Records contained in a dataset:
--

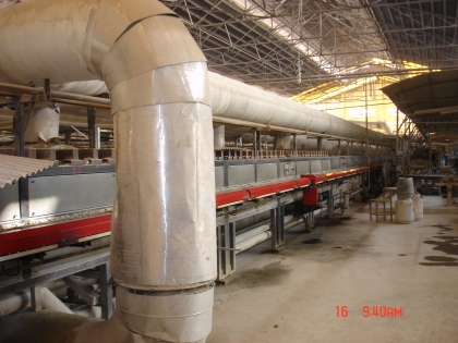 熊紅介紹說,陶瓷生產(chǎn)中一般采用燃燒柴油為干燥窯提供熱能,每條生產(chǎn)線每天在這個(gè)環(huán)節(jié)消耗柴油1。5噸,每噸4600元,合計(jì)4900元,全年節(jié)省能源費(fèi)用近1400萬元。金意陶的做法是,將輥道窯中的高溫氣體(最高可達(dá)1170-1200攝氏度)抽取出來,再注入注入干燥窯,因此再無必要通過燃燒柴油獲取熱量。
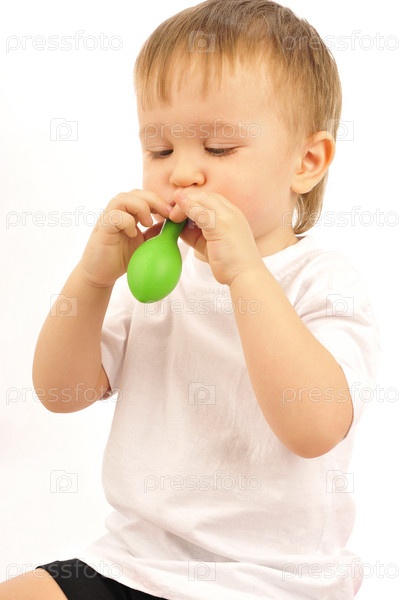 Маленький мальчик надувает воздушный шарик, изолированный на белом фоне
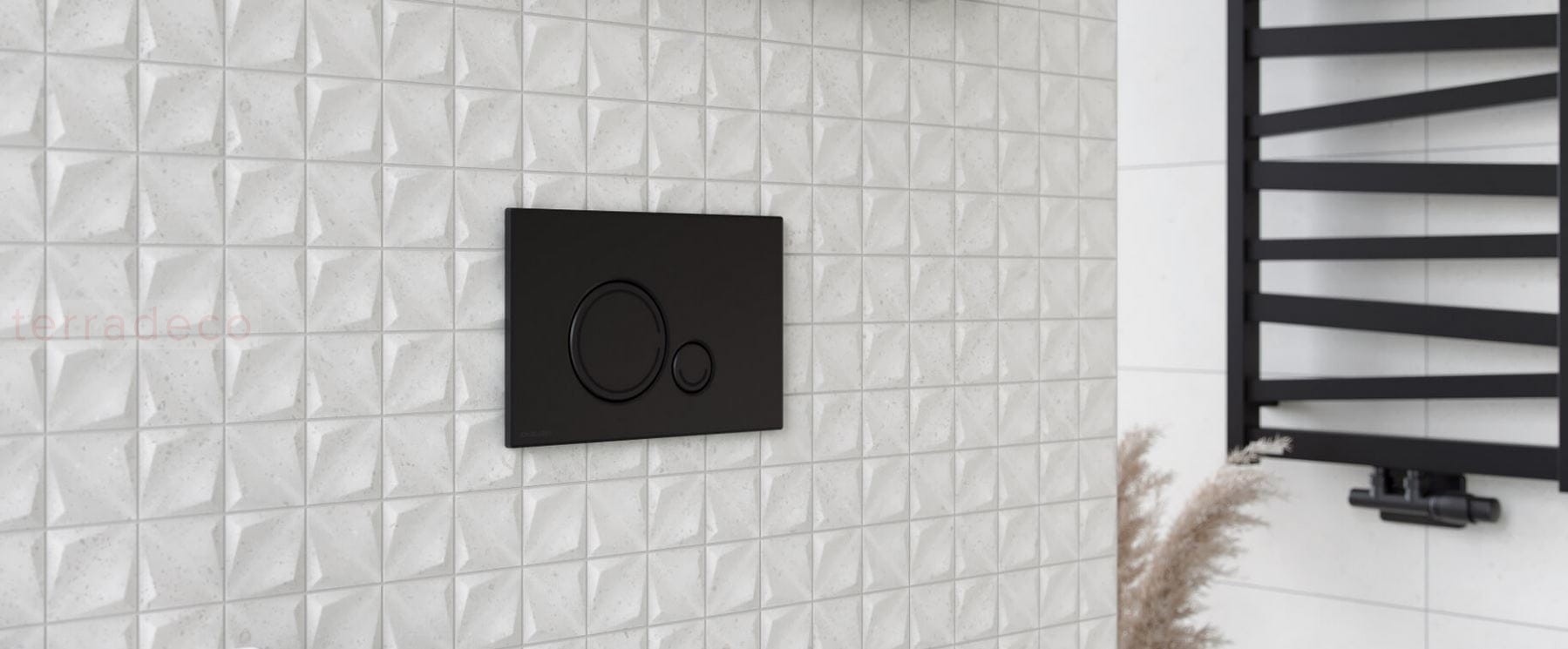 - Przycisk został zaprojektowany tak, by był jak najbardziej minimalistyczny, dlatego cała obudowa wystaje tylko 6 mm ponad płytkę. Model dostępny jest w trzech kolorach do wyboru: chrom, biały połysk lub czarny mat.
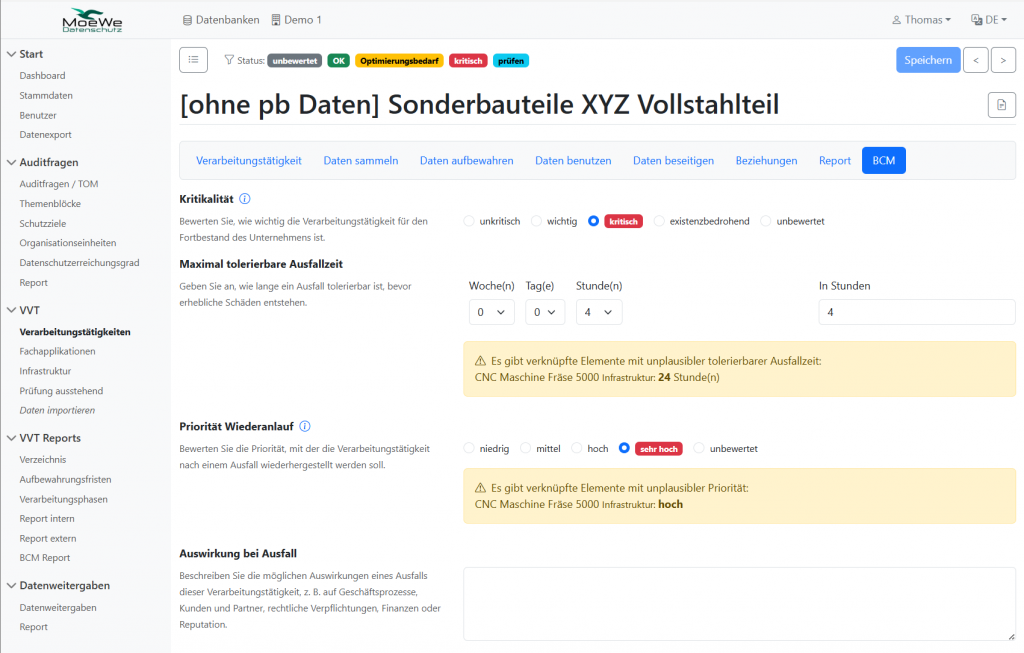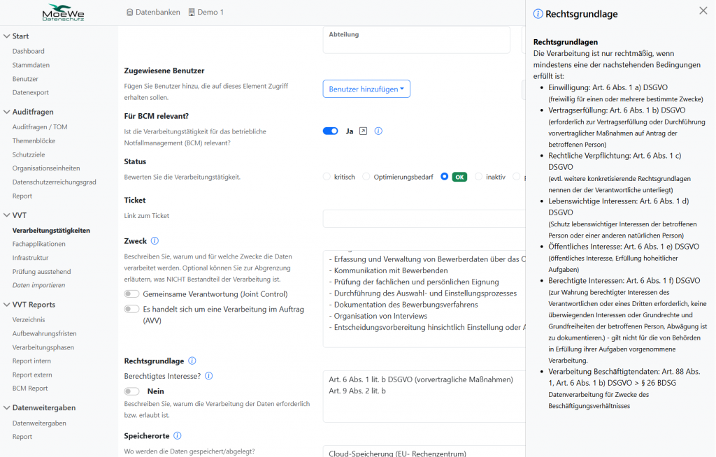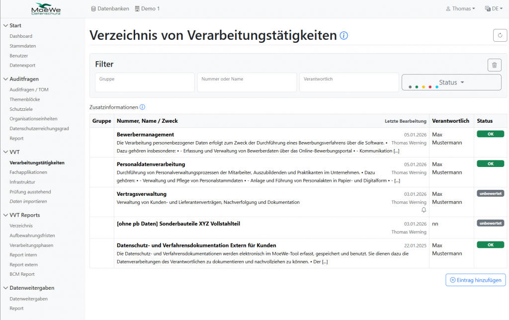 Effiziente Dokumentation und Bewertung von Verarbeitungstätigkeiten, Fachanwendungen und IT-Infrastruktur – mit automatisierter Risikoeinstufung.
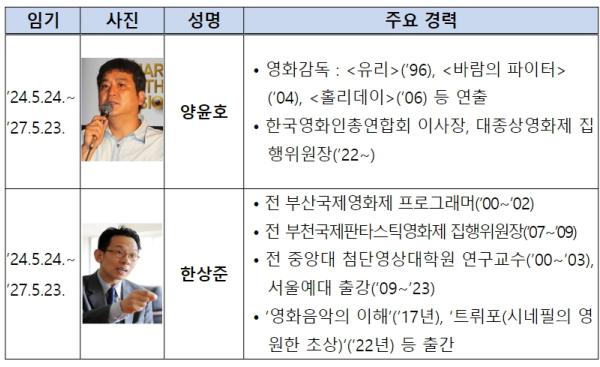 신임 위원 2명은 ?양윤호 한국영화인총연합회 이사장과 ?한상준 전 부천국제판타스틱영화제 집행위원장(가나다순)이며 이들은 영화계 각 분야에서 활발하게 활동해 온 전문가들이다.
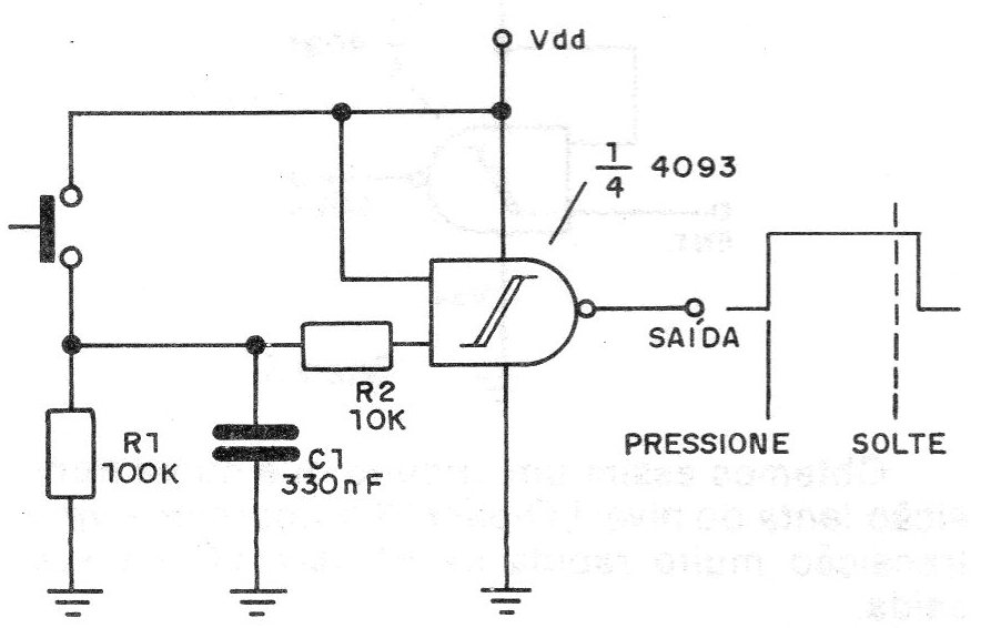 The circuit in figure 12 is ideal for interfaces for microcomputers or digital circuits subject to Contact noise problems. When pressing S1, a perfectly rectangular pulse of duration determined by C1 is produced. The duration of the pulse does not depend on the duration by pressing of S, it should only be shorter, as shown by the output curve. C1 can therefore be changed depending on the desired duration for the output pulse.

--

• _Required action_
Transcribe every entry exactly. Leave out the pictures.

• _Final answer_
 熊紅介紹說,陶瓷生產(chǎn)中一般采用燃燒柴油為干燥窯提供熱能,每條生產(chǎn)線每天在這個(gè)環(huán)節(jié)消耗柴油1。5噸,每噸4600元,合計(jì)4900元,全年節(jié)省能源費(fèi)用近1400萬元。金意陶的做法是,將輥道窯中的高溫氣體(最高可達(dá)1170-1200攝氏度)抽取出來,再注入注入干燥窯,因此再無必要通過燃燒柴油獲取熱量。
 Маленький мальчик надувает воздушный шарик, изолированный на белом фоне
 - Przycisk został zaprojektowany tak, by był jak najbardziej minimalistyczny, dlatego cała obudowa wystaje tylko 6 mm ponad płytkę. Model dostępny jest w trzech kolorach do wyboru: chrom, biały połysk lub czarny mat.
 Effiziente Dokumentation und Bewertung von Verarbeitungstätigkeiten, Fachanwendungen und IT-Infrastruktur – mit automatisierter Risikoeinstufung.
 신임 위원 2명은 ?양윤호 한국영화인총연합회 이사장과 ?한상준 전 부천국제판타스틱영화제 집행위원장(가나다순)이며 이들은 영화계 각 분야에서 활발하게 활동해 온 전문가들이다.
 The circuit in figure 12 is ideal for interfaces for microcomputers or digital circuits subject to Contact noise problems. When pressing S1, a perfectly rectangular pulse of duration determined by C1 is produced. The duration of the pulse does not depend on the duration by pressing of S, it should only be shorter, as shown by the output curve. C1 can therefore be changed depending on the desired duration for the output pulse.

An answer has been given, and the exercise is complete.